I've got 3 IBM 60 GXP's for almost as long as they have been out, running 24x7 in my main machine and I have not had a single read, write, access, detection, click error. They also always had an 80 mm fan blowing on them and they never get above room temp. I was going to get the 120 GXP for a large drive, until IBM sold thier HD division. Now I'm gonna wait.
Originally posted by az I'm running a 60 GXP and just recently CPUCool gave me a message that some smart value decreased from 100 to 99... I think it was data errors or something. I did overclock slightly at the time, don't do anymore.
Can anyone tell me if this is a sign of the HD dying, or if it is due to the FSB running at 112, therefore (or therefor?) overclocking PCI, AGP, etc.?
AZ
It depends on the chipset configuration. But it is most likely YES at 112 MHz.
In my experience, the only overclockable item with long term use is the CPU due to the fact that it might be actually Underclocked by the manufacturer. Celeron 300A, PII-266 SL2W7, PII-300 SL2W8, some of PIII-550, P4-1.6A are the general cases.
My G400DH was bought in Sep 1999. Another G400SH picked up from the old discarded machine was also manufactured at the same period. During the past three years, my G400DH was running at 82.2 or 89.9 MHz for 1 years. Then it is no longer able to run AGP 2x at 66.6 MHz. The video singal quality is also degraded. Instead, my G400SH works fine at AGP 2x. The video signal is still good and the image is still sharper than nVidia's new chipsets because it was never overclocked.

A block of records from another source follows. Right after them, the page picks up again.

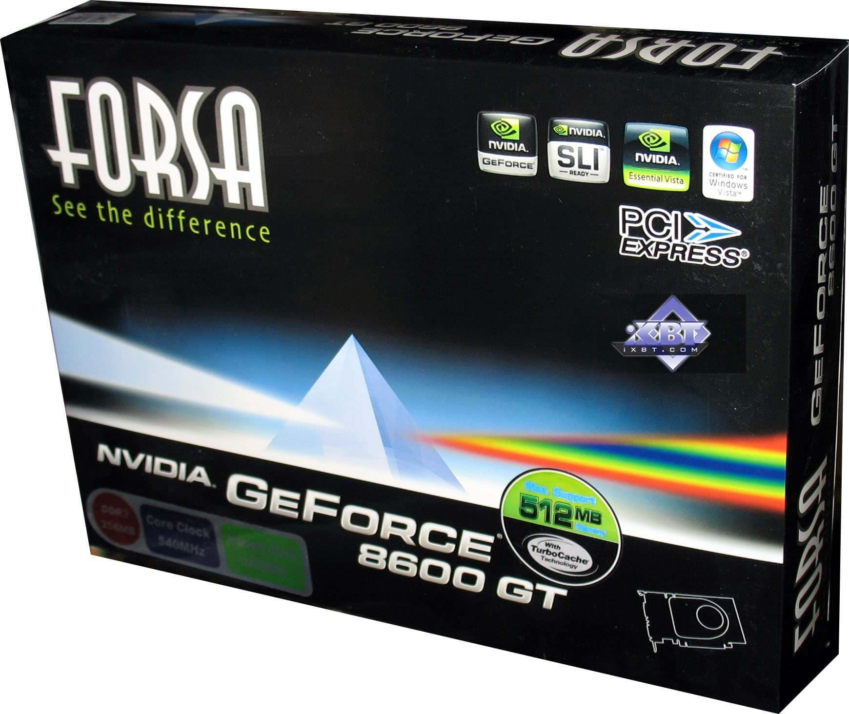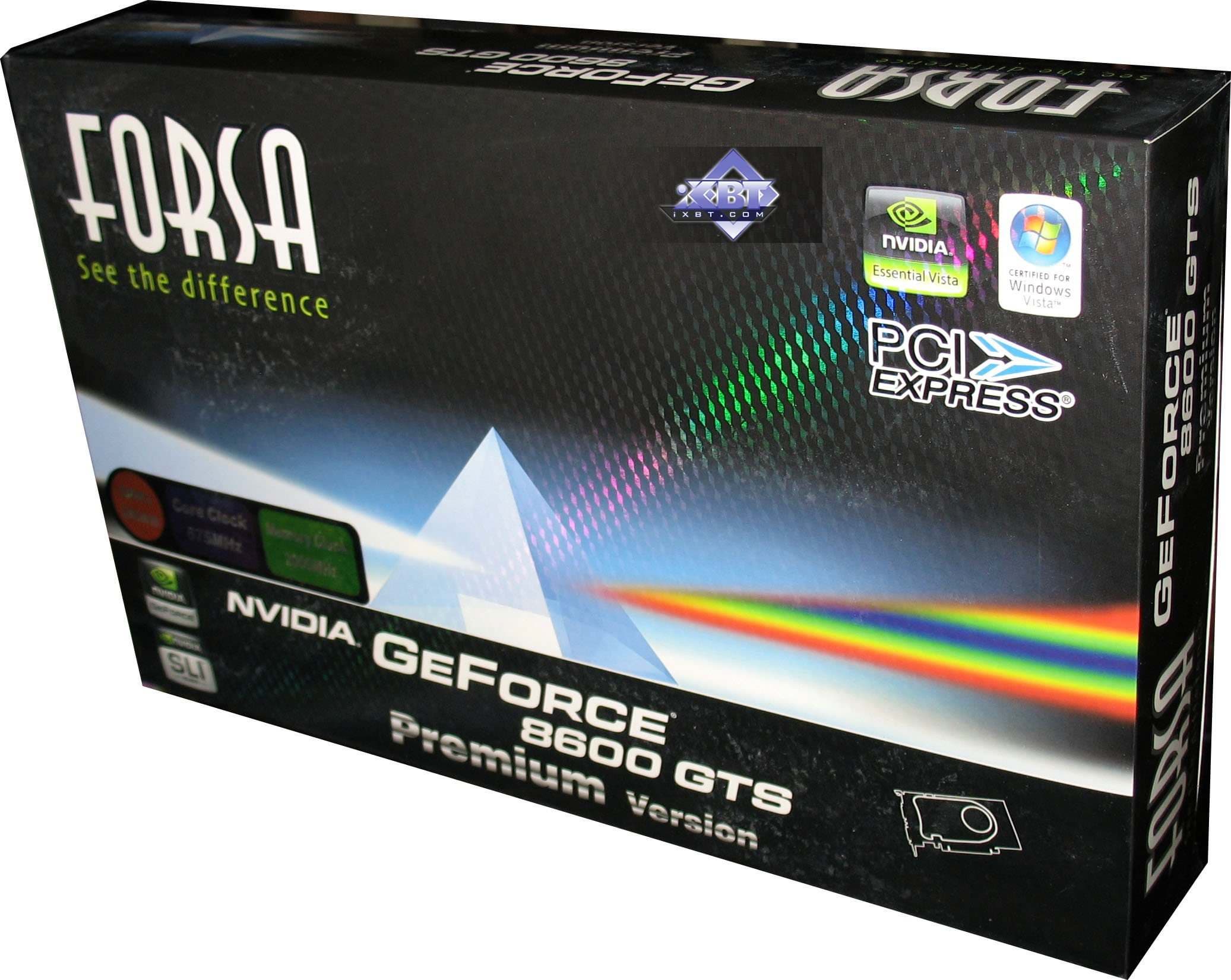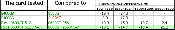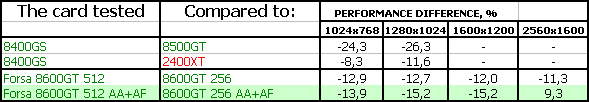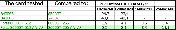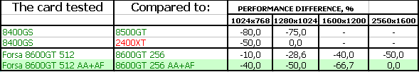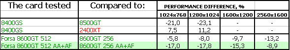 FORSA Geforce 8600 GTS 256MB PCI-E — карта полностью повторяет плюсы и минусы референс-продукта, обладает уже приличной производительностью, позволяющей в ряде игр выставлять качество уже почти на максимум, однако в мощных игровых приложениях последнего поколения и этот продукт будет неиграбелен, если не пожертвовать качеством в 3D. То бишь, использованием тех или иных эффектов. Минус — кулер шумноват. Надо использовать RivaTuner для снижения оборотов вентилятора, но при этом следить за температурой на ядре, чтобы она не превысила 80 градусов. Тесты все можно посмотреть в нашем материале по эталонному 8600 GTS.
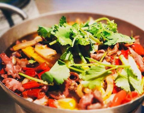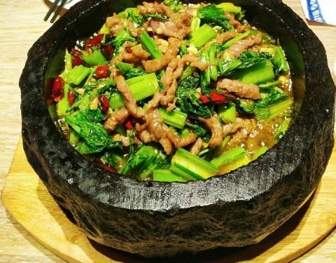 ...腾的卟卟卟卟冒泡,牛肉条口感细腻、嫩滑,青菜非常入味,咸鲜青香,微辣,品尝这道菜要特别小心烫口
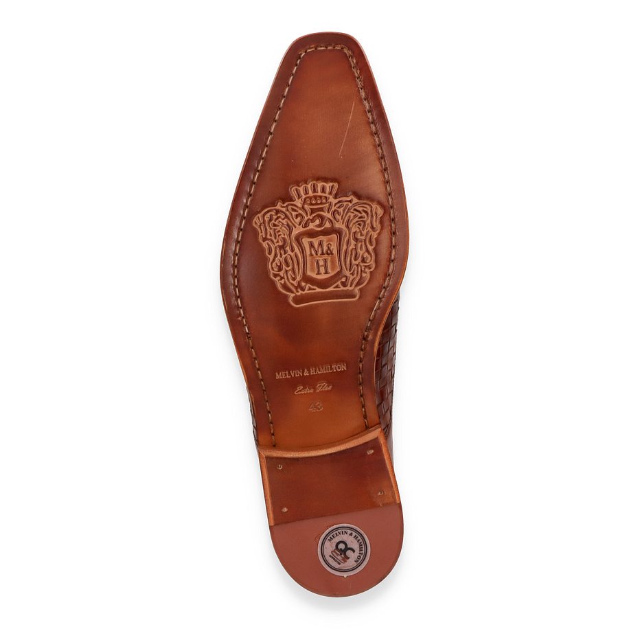 Preis inkl. MwSt.Entdecken Sie den exquisiten DYLAN Schnürschuh von Melvin & Hamilton, ein Meisterwerk für Herren in elegantem Mittelbraun. Der Schuh besticht durch sein kunstvolles, geflochtenes Lederdesign, das sowohl Raffinesse als auch Handwerkskunst verkörpert. Die glatte Oberfläche und die sorgfältige Verarbeitung machen diesen Schuh zu einem stilvollen Begleiter für formelle Anlässe oder den anspruchsvollen Alltag. Die klassische Schnürung und die dezente Absatzhöhe von 2,5 cm unterstreichen die zeitlose Eleganz dieses Modells.
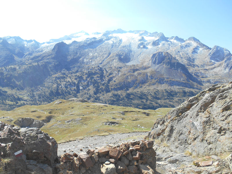 Une autre montée raide est à flanc de parois. Les virages serrés dominent l'abîme. Le passage qui nous conduit au Port de Vénasque est sur de la neige gelée. La vue est magnifique. L'Aneto, enneigé, s'élève au-dessus de toutes les cimes et déchire le ciel azuré. Maladeta, Posets, par un ensemble de crêtes s'enfuient à l 'ouest retrouvant le cirque d'Espingo . A l'est paraît Aiguestortes, le cirque de Colomers et ses sommets à 3000 m.. Devant nous le pic de Sauvegarde et le pic de la Mine crèvent l'immensité bleue.
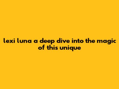 Lexi Luna: A Deep Dive Into The Magic Of This Unique
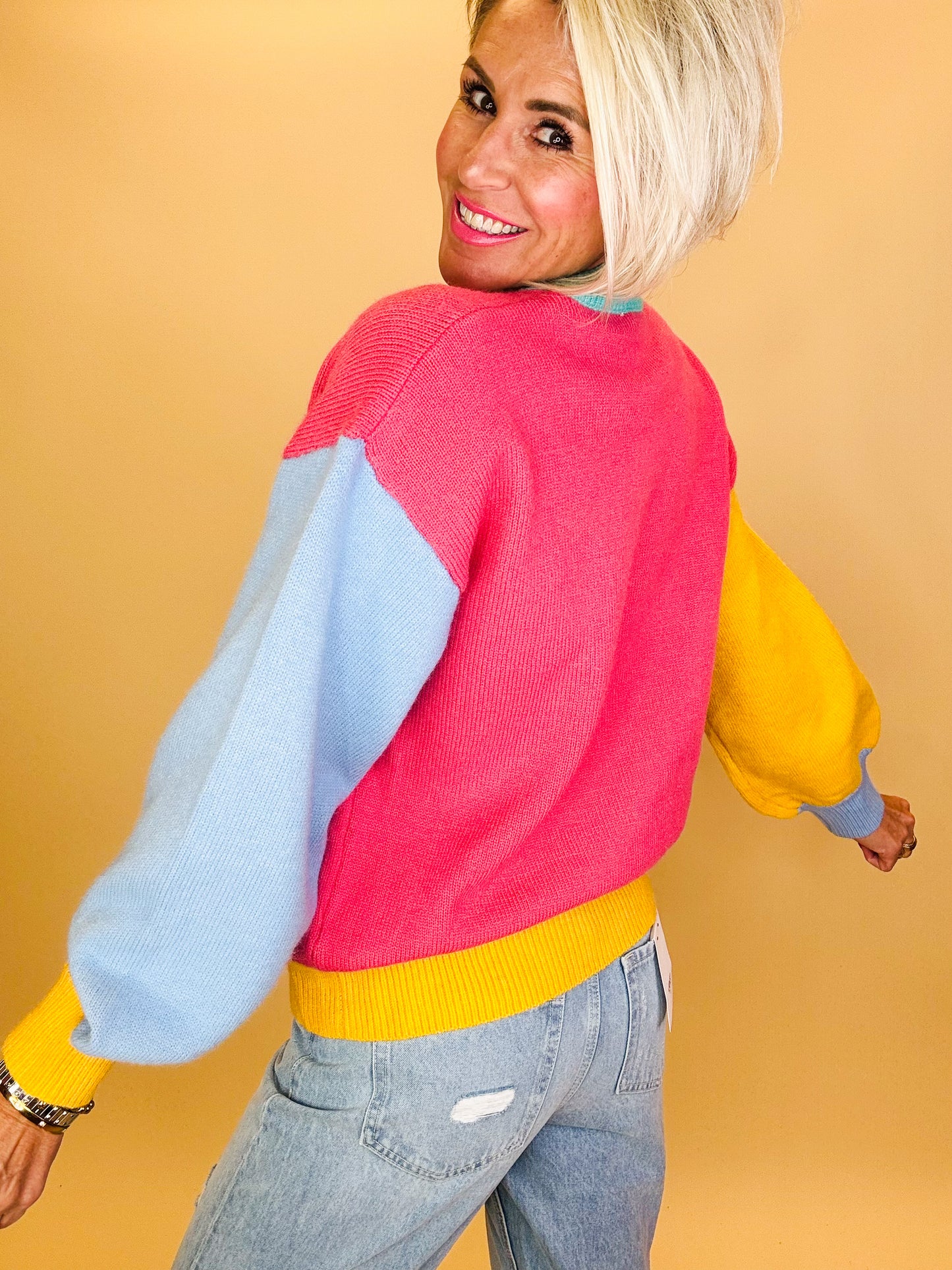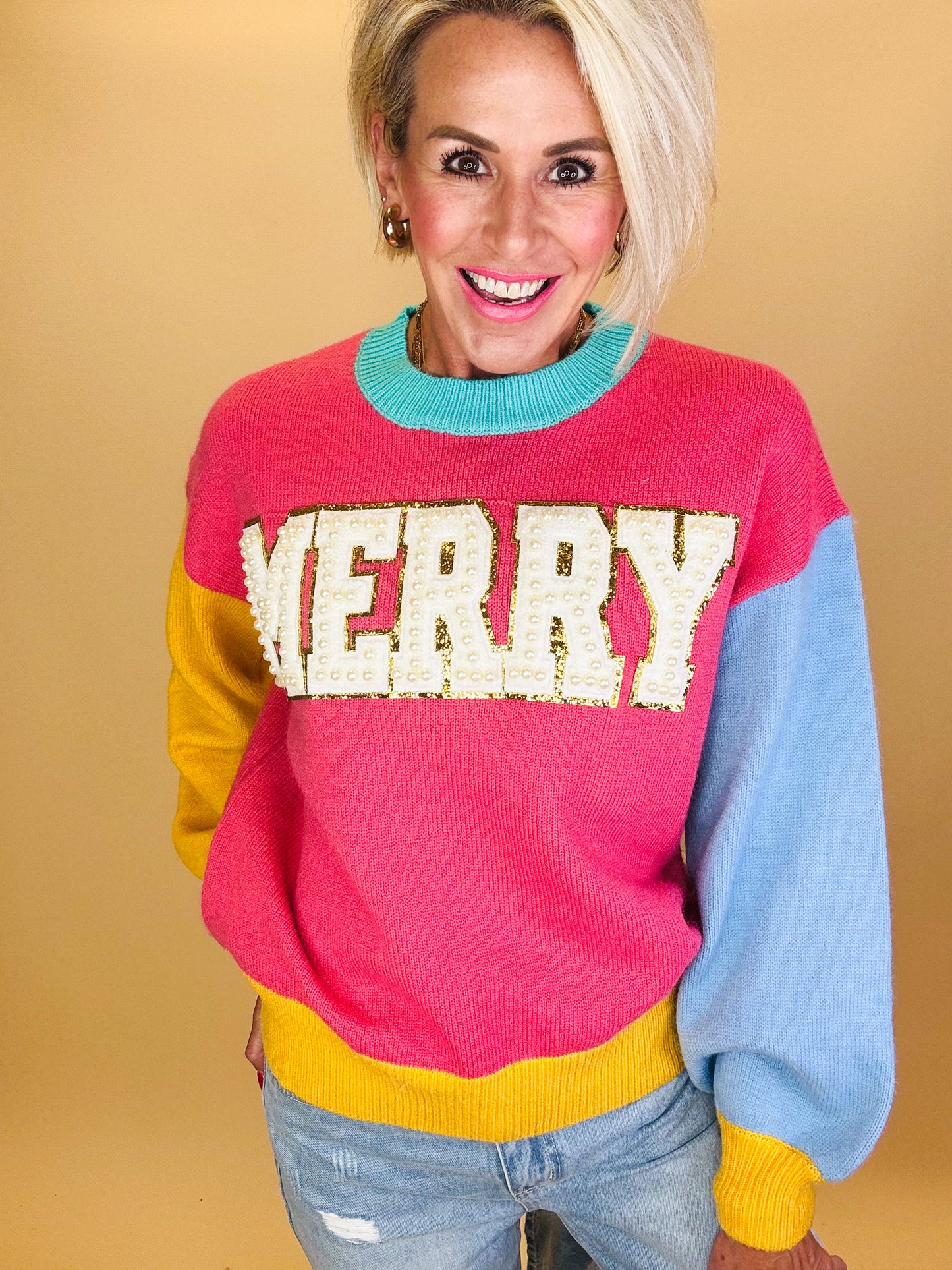 Stay cozy and cheerful all season long in the Merry Moments Sweater! This playful pullover mixes bold hues of pink, sky blue, and sunny yellow for a modern twist on festive style. The oversized pearl-and-gold “MERRY” lettering adds just the right touch of sparkle, while the relaxed fit and soft knit keep you comfy from cocoa nights to holiday parties. Pair it with denim or sparkly joggers for the happiest look of the season!

For the real businesss or 24hr online purposed usage, it is not worthy to run the equipments out of the manufacturer's spec just for the reason to save few bucks.
az: I'm running a 60 GXP and just recently CPUCool gave me a message that some smart value decreased from 100 to 99...
Just forget about this stuff. It's not have any significance at all until it passed a threshold specified for this parameter.
I had same S.M.A.R.T degradation by few points on my local 8Gb FUJITSU drive (which I use as a portable floppy disk). Still works FINE after 3 years of data transfer, mechanical attach/detach procedures and harsh movements from a site to a site.
Sadly, it can't be recognized by fresh brand new 845DW mainboard BIOS, don't know why. Maybe, Dr Morbid can explain? Don't count some nasty problems with a UDMA incorrect behaviour and lockups running on old VIA MVP3 based motherboard when using it, bla-bla-bla, 'ld times bla-bla-bla.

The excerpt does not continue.